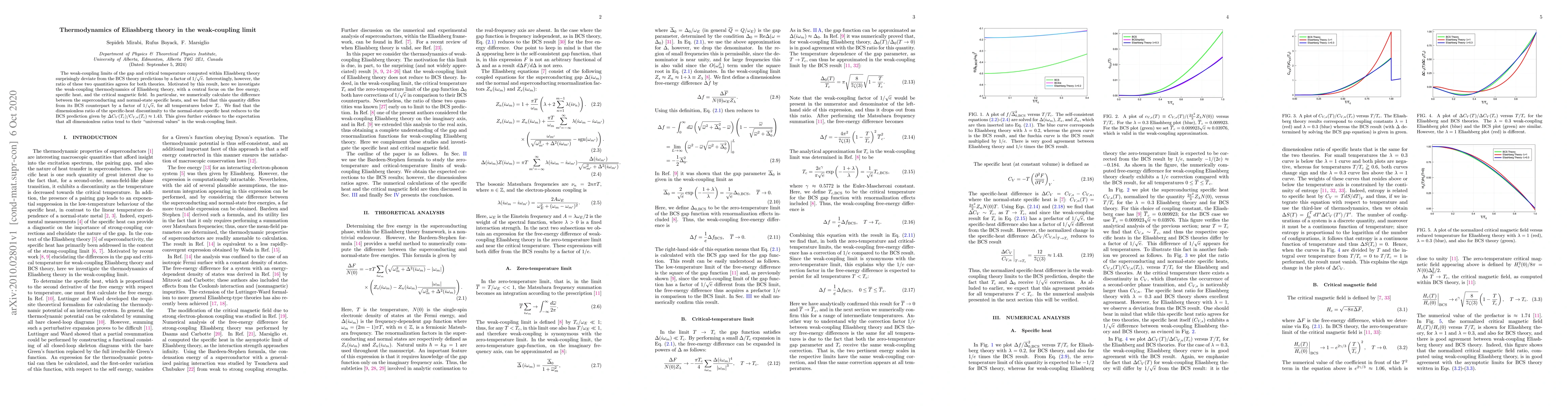 This paper investigates the thermodynamics of Eliashberg theory in the weak-coupling limit, finding that while gap and critical temperature deviate from BCS predictions by a factor of $1/\sqrt{e}$, the dimensionless ratios of thermodynamic quantities like specific heat and critical magnetic field converge to BCS values. This supports the notion that universal ratios hold in weak-coupling superconductors.
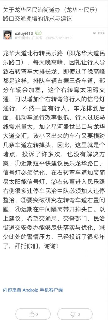 26. 帖文《關(guān)于龍華區(qū)民治街道辦(龍華~民樂)路口交通擁堵的訴求與建議》
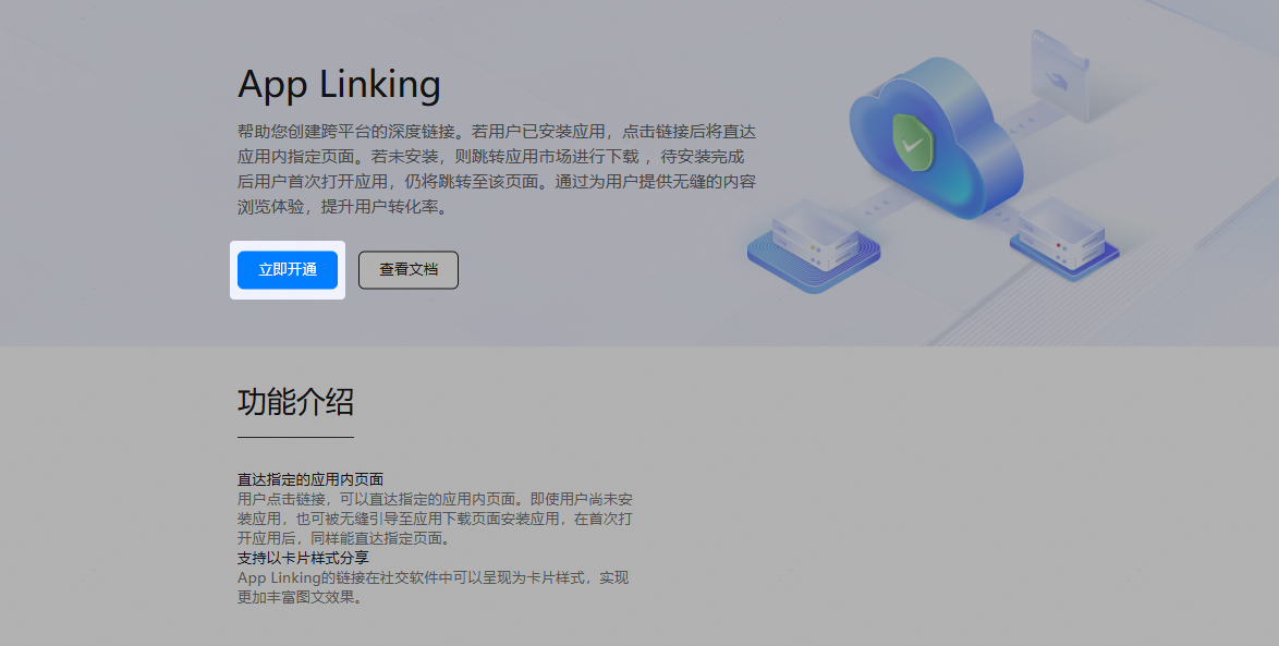 首次使用App Linking服务前,需要先开通此服务。如果已经开通,可跳过本章节。
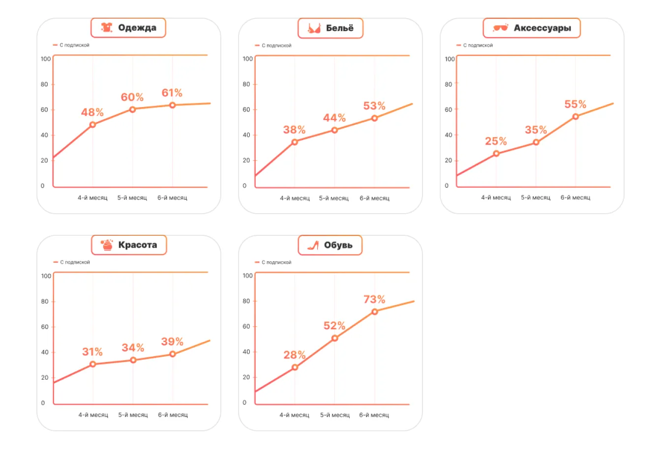 Есть и накопительный эффект: показатель выручки у таких продавцов растёт каждый месяц. На 3-й месяц использования подписки он выше на 35%, на 4-й — на 42%, на 5-й — на 48%, и на 6-й месяц достигает разницы в 53%.

Work request:
Please set down every line of the listing verbatim, excluding its pictures.

Expected answer:
 This paper investigates the thermodynamics of Eliashberg theory in the weak-coupling limit, finding that while gap and critical temperature deviate from BCS predictions by a factor of $1/\sqrt{e}$, the dimensionless ratios of thermodynamic quantities like specific heat and critical magnetic field converge to BCS values. This supports the notion that universal ratios hold in weak-coupling superconductors.
 26. 帖文《關(guān)于龍華區(qū)民治街道辦(龍華~民樂)路口交通擁堵的訴求與建議》
 首次使用App Linking服务前,需要先开通此服务。如果已经开通,可跳过本章节。
 Есть и накопительный эффект: показатель выручки у таких продавцов растёт каждый месяц. На 3-й месяц использования подписки он выше на 35%, на 4-й — на 42%, на 5-й — на 48%, и на 6-й месяц достигает разницы в 53%.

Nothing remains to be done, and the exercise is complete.